THRILLS & GLORY: THE BRIEF, BLESSED HISTORY OF THE PRACTICAL THEATRE CO.

Part Two: Saturday Night Live Comes to Piper’s Alley

When my wife Victoria and I take the stage on June 10th at PUSH Lounge in Woodland Hills for our first preview performance of “The Vic & Paul Show” — it will have been 28 years since the improvisational comedy of The Practical Theatre Company made national headlines in 1982. As Victoria and I get back to doing what we love most, it’s a good time to look back on the heady days when all we wanted to do was make people laugh – and the pursuit of that simple goal changed all our lives.

Bolstered by grants from the Illinois and Evanston Arts Councils, 1982 was going to be a good year for The Practical Theatre Company. As fate would have it, ‘82 would prove to be an epic year. As the cast of the PTC’s new improvisational comedy revue, The Brothers Bubba, assembled for rehearsals at the John Lennon Auditorium in February of that year, the weather was freezing outside, the mood was warm and upbeat inside – and nobody had a clue what was coming.

The biggest problem that Brad Hall, Gary Kroeger, Rush Pearson, Jane Muller and I faced at that time was an inability to find lederhosen – which we thought would be the perfect apparel for our publicity photos. But despite our plaintive calls, not even the German and Swiss consulates in Chicago were any help in our quest to dress like the Von Trapp Family. Alas, there was no Internet or E-bay back then. Your fingers had to do a lot of exhausting non-digital walking.

Looking back on those momentous days of ‘82, each month seemed like a long, long time. It’s strange how four months can pass nowadays without anything of real significance happening — but the four-month period from the opening of The Brothers Bubba on April 1, 1982 through the opening weeks of The Golden 50th Anniversary Jubilee in late July and early August — were week-by-week, and month-by-month, a brief but revolutionary time. Art was made. People laughed. Lives were changed.
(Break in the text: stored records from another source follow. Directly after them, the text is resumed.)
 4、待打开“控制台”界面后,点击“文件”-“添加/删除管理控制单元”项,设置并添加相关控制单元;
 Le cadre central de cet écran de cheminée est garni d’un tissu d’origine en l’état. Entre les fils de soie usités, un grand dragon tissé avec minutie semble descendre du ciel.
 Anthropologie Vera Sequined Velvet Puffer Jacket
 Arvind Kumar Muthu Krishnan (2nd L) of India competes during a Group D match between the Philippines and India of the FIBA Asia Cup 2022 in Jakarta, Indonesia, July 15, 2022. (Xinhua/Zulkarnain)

And it was good.

Anyone studying business management learns that dealing with sudden success is one of the biggest challenges for a young company — and nobody involved with The Practical Theatre Company went anywhere near a business school. We didn’t know that managing the rate of your small company’s growth was critical, and that coping with good fortune is as problematic as struggling against bad luck. We were young and funny and idealistic – and we had a lot to learn. 1982 would prove the start of an education in The Business of Entertainment 101.
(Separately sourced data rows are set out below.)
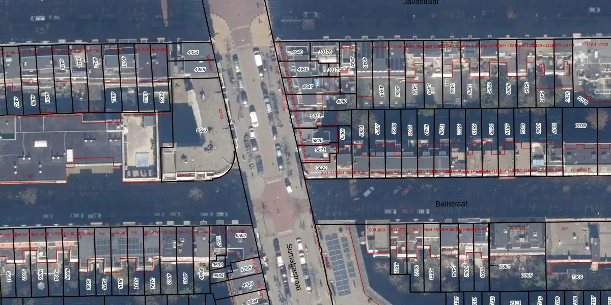 Het perceel waarop Sumatrastraat 45-H staat heeft een oppervlakte van 67 m². Dit is een klein perceel. De perceeloppervlakte wordt geregistreerd door het Kadaster. Gedetailleerde informatie over de maten van dit perceel kunt u vinden in het rapport Kadastrale kaart met maatvoering van Sumatrastraat 45-H.
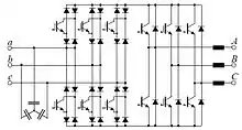 The Sparse Matrix Converter is an AC/AC converter which offers a reduced number of components, a low-complexity modulation scheme, and low realization effort.[1][2][3][4] Invented in 2001 by Prof Johann W. Kolar[5] , sparse matrix converters avoid the multi step commutation procedure of the conventional matrix converter, improving system reliability in industrial operations. Its principal application is in highly compact integrated AC drives.
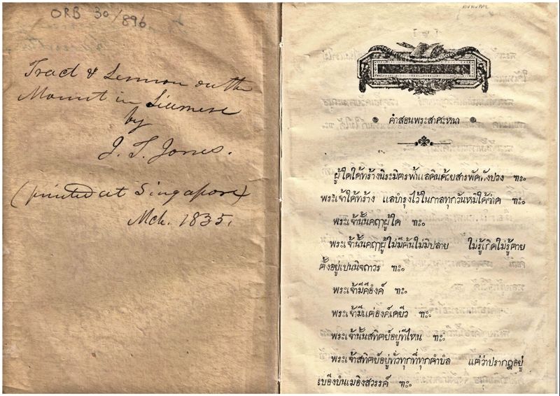 [Jones, John Taylor] <1802 – 1851>: คำสอนพระสาศะหนา. -- [Singapore, 1835]. -- "Religionsunterweisung", eine Zusammenfassung des Matthäusevangeliums.
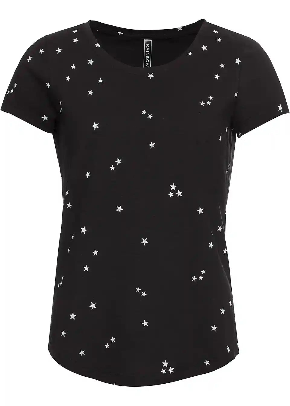 Ta modna majica ima vzorec iz majhnih zvezd. Za moderen videz je dolžina do bokov z okroglim izrezom in kratkimi rokavi ter rahlo zaobljenim robom. Trajnostno izdelana majica s zvezdami je idealna osnova za vsakdan in se odlično poda k sproščenim in stilskim outfitom.
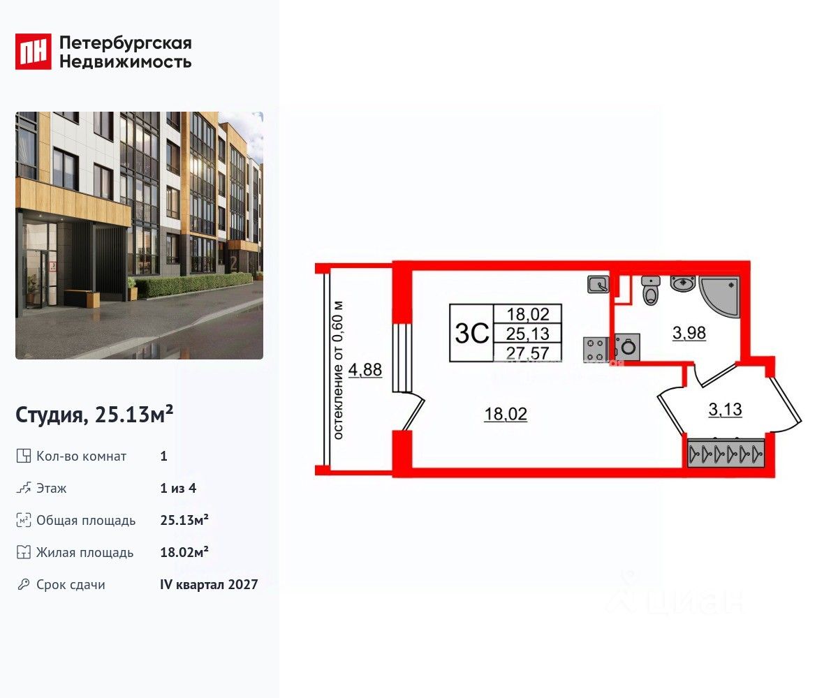 Удобная, классическая, функциональная европланировка, вместительная прихожая 3.13 м². Общая площадь студии - 25.13 м², жилая 18.02 м², высота потолка 2.77 м.
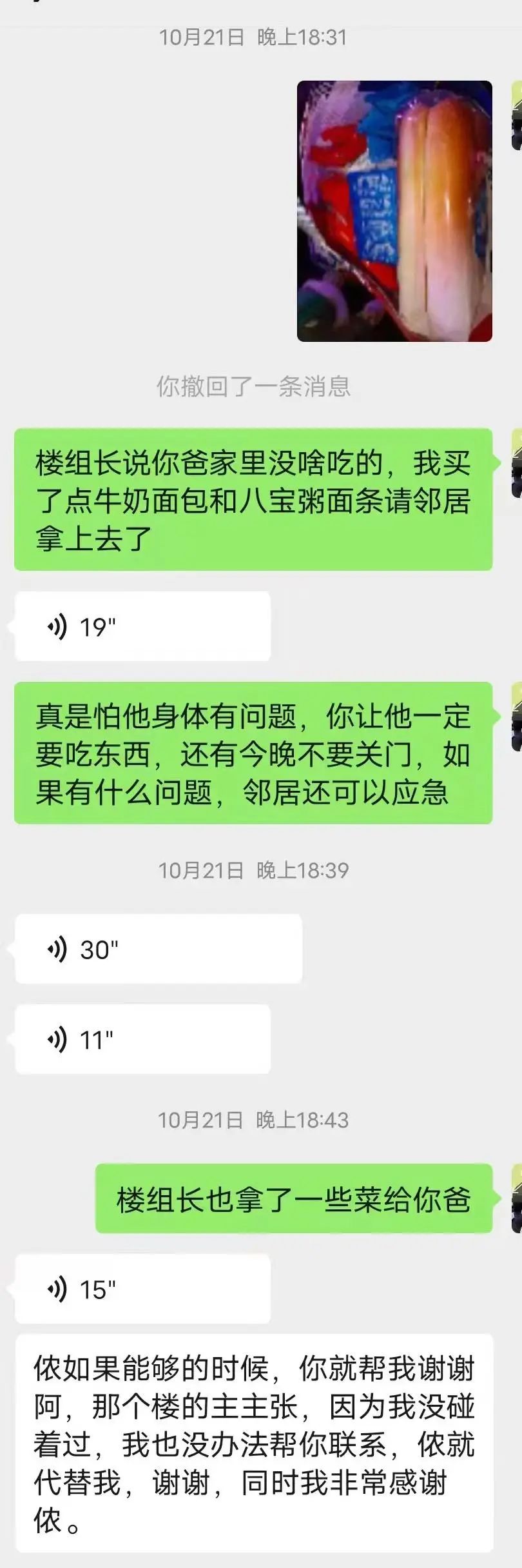 10月21日那次跌倒并且被送回家后,骆骆和党员楼组长李德红还为姚伯伯送去了餐食“姚伯伯,在家吗?”江建荣多次敲门无果,向骆骆反馈了这一情况后,转身下楼,前往老人常去的公园等场所寻找。姚老先生没有手机,身上也没有可供定位的智能穿戴设备,找起来并不容易。骆骆想到姚老先生听力不是很好,或许就在家里只是没听到敲门声。“找个邻居继续敲。”果然,在同楼层热心居民扈阿姨的持续努力下,姚老先生穿着单薄的睡衣开了门。“姚伯伯,联系不上你,大家急死咧,先穿好衣服,在电话面前坐好,我跟骆骆说,让你女儿打电话过来……”电话拨通,姚老先生的女儿放了心,一场近两个多小时的“寻找姚伯伯”任务,也圆满画上了句号。

On April Fools Day 1982, The Brothers Bubba opened at the John Lennon Auditorium and ran for six weeks, breaking all PTC attendance records. 1,314 adventurous, comedy-loving souls crammed into our Howard Street shoebox, and we pulled in $5,743. The reviews were good, too. Less than two years out of college, playing to those sold-out houses in our own tiny storefront theatre felt like victory. We were as successful as we could have imagined. And it was just the beginning.

Sheldon, Alan Arkin, Dick Christiansen (Tribune), and Bernie Sahlins.

With The Brothers Bubba a hit, our comedy guru, Sheldon Patinkin, hipped his old friend, Second City founder Bernard Sahlins, to what was happening on Howard Street. Within weeks, we were in talks with Bernie to open a new cabaret in Piper’s Alley behind Second City in the space formerly occupied by the Paul Sills Story Theatre.

Paul Sills was a legendary figure in the history of improvisational theatre: a Compass Players founder and son of Viola Spolin, the woman who authored the seminal book, Improvisation for the Theater. In 1959, Paul Sills and Bernie Sahlins opened The Second City. We were thrilled and dazzled to be even tangentially connected to figures associated with such rich and fundamental modern comedy history.

We reached an agreement with Bernie Sahlins to turn the old Paul Sills Story Theatre into a cabaret space for PTC comedy revues, served by The Second City’s bar. John Lennon Auditorium architect, Louis DiCrescenzo, designed a wonderful 150-seat theatre – and the PTC’s Piper’s Alley Theatre at North and Wells was ready to open in the summer of 1982. We planned to open this new cabaret with our latest improvisational comedy revue, The Golden 50th Anniversary Jubliee — a collection of our best sketches and songs performed by Brad Hall, Gary Kroeger, Julia Louis-Dreyfus and this author.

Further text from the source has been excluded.